» Required action
Omit all pictures, and print word for word only the lines from the one containing "Men's San Francisco" through the end of the data.

» Information shown
=-=-=

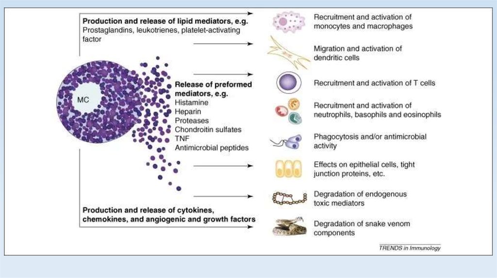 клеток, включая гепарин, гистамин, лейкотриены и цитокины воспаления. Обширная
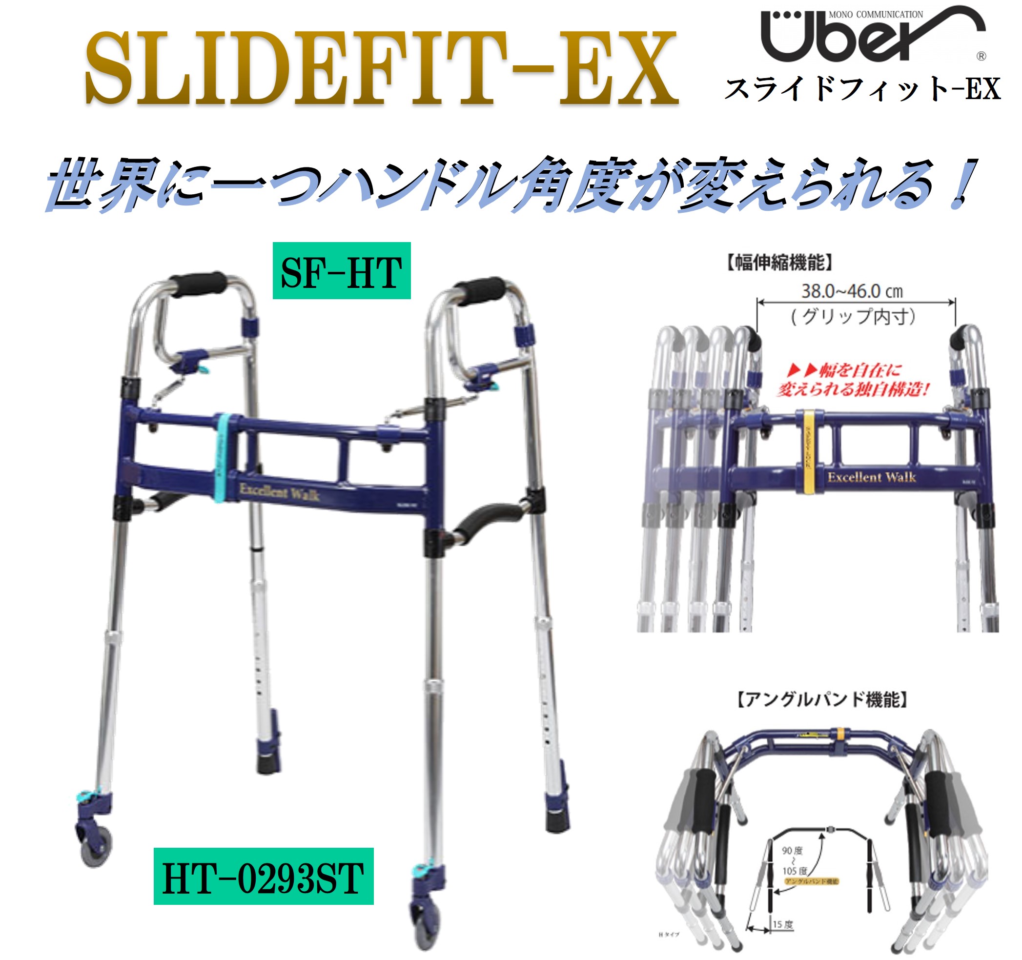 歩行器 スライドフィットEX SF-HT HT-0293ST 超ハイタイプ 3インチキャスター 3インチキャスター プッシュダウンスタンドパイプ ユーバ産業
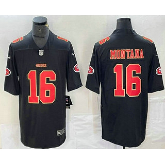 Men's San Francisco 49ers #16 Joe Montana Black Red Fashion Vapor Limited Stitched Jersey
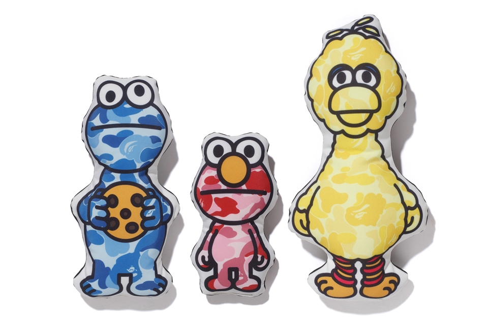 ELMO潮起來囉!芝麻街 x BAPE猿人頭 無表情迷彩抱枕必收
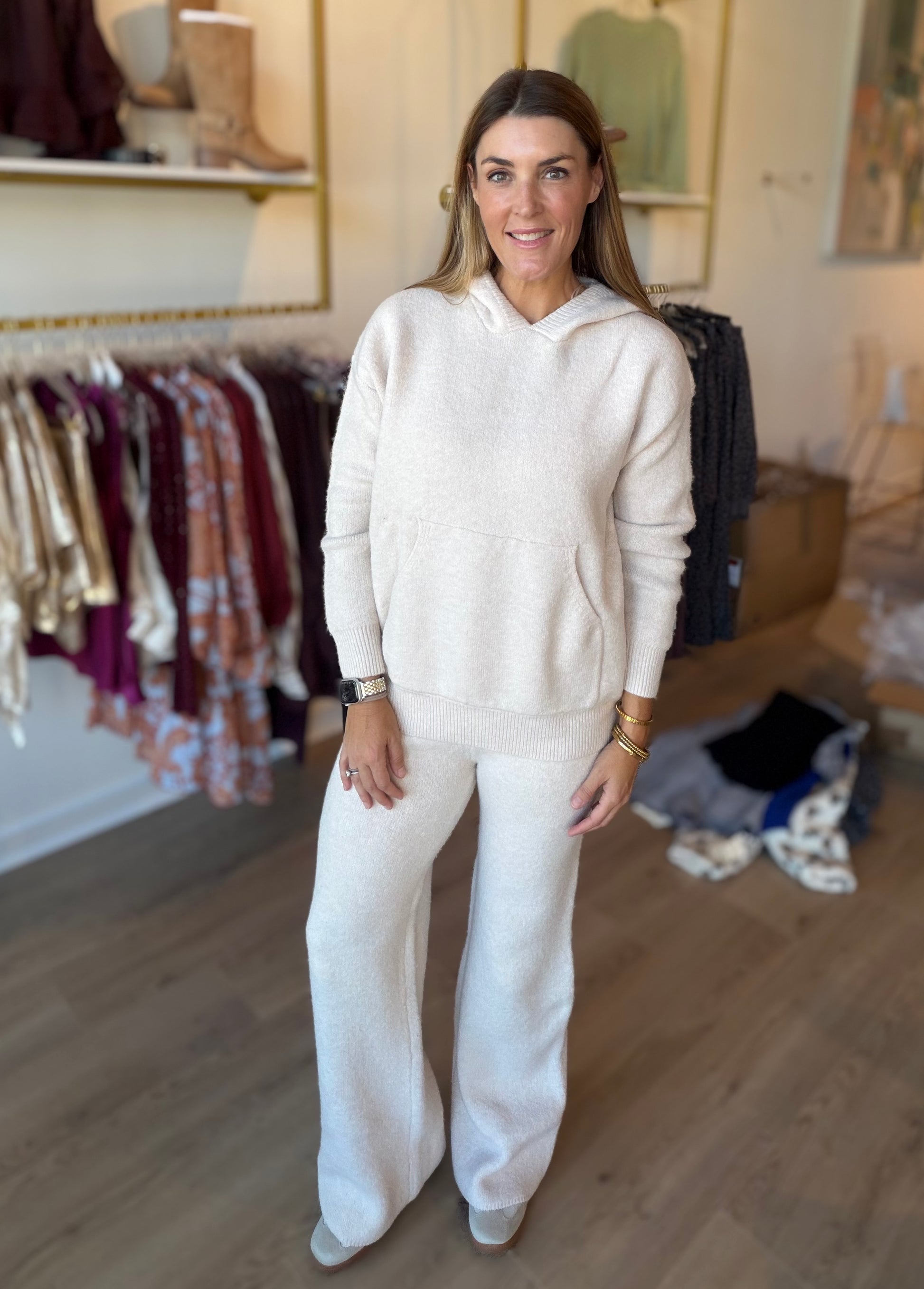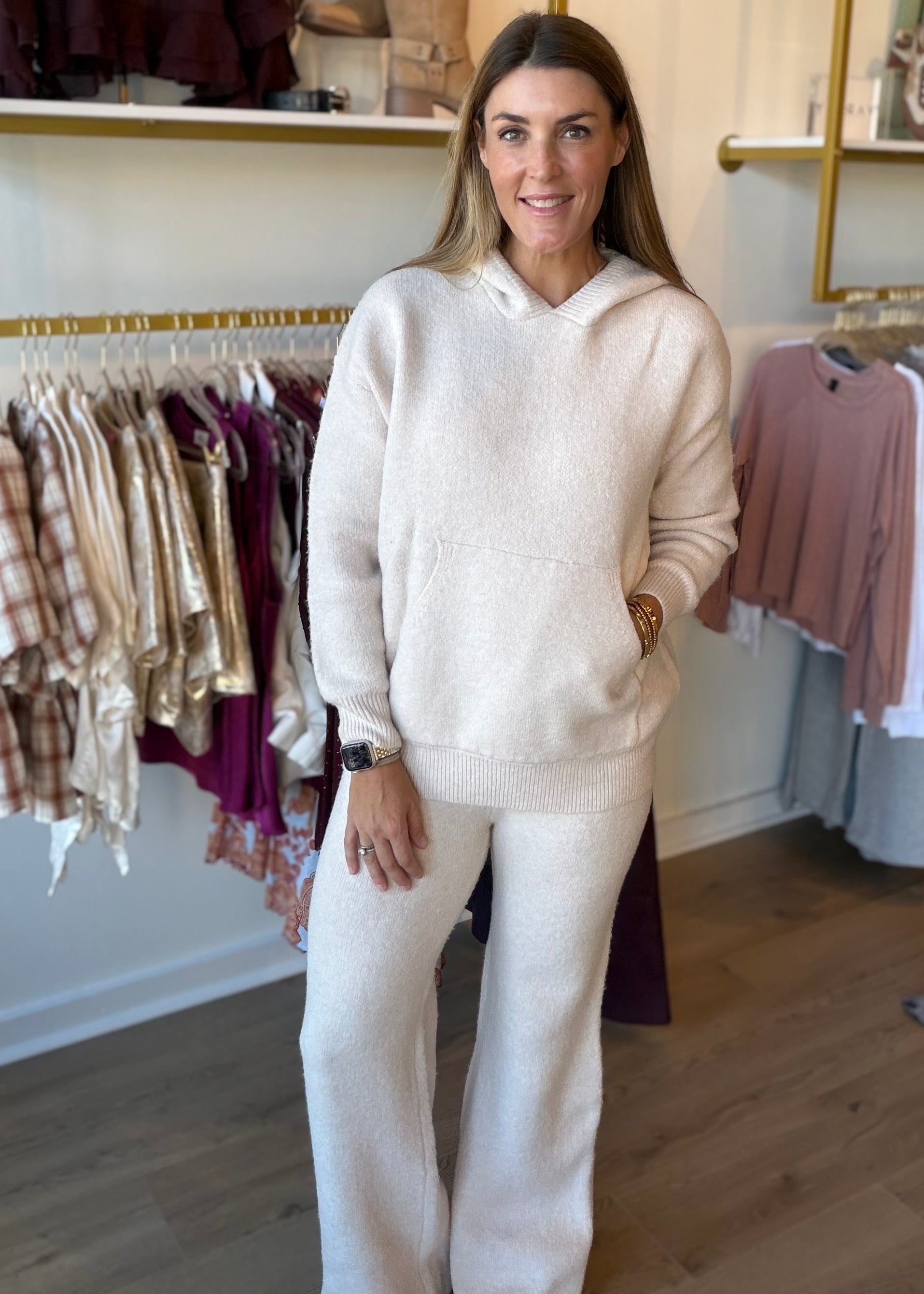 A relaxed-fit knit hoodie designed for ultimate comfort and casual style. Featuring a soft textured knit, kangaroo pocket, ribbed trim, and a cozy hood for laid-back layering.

=-=-=

» Reply to the task
 Men's San Francisco 49ers #16 Joe Montana Black Red Fashion Vapor Limited Stitched Jersey
 ELMO潮起來囉!芝麻街 x BAPE猿人頭 無表情迷彩抱枕必收
 A relaxed-fit knit hoodie designed for ultimate comfort and casual style. Featuring a soft textured knit, kangaroo pocket, ribbed trim, and a cozy hood for laid-back layering.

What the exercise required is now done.